Runtime profile test cases

Use these cases when a product source is compatible with Agent Runtime, Lime AgentRuntime Profile, or an equivalent runtime spine. The goal is not to test the runtime implementation itself; the goal is to prove that Agent UI projects runtime facts without creating a second source of truth.

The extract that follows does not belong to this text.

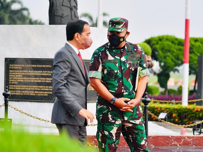 Kemudian ada foto lain yang menunjukkan Jokowi sedang mengobrol bersama Letjen Joni. Letjen Joni tampak menyimak omongan Jokowi.

Canonical projection chain

text

RuntimeEvent / ThreadReadModel / TaskSnapshot / EvidencePack
  -> Agent UI adapter
  -> projection store
  -> status, task, tool, HITL, timeline, evidence, review, replay, and team surfaces
  -> controlled writes back to runtime, artifact, policy, or evidence owners

Agent UI tests fail when UI state invents status, approval, tool success, evidence verdict, known gaps, or task completion that cannot be traced back to runtime, artifact, policy, or evidence facts.

Source fixtures

When Agent Runtime fixtures are available, map them into Agent UI projection assertions:

Runtime fixture	UI surfaces to verify	Required projection outcome
`submit-turn-event.json`	Runtime status, message shell, task capsule	Accepted work appears before first text and preserves `sessionId/threadId/turnId`.
`tool-approval-action-required-event.json`	Human-in-the-loop, task attention, tool UI	Approval card uses `actionId/toolCallId`; UI does not run the tool optimistically.
`task-retry-attempt-failed-event.json`	Task capsule, timeline evidence	Failed attempt remains visible and retry state does not overwrite history.
`routing-single-candidate-event.json`	Runtime status, model chip, diagnostics	Single-candidate routing is explained as runtime fact, not final answer prose.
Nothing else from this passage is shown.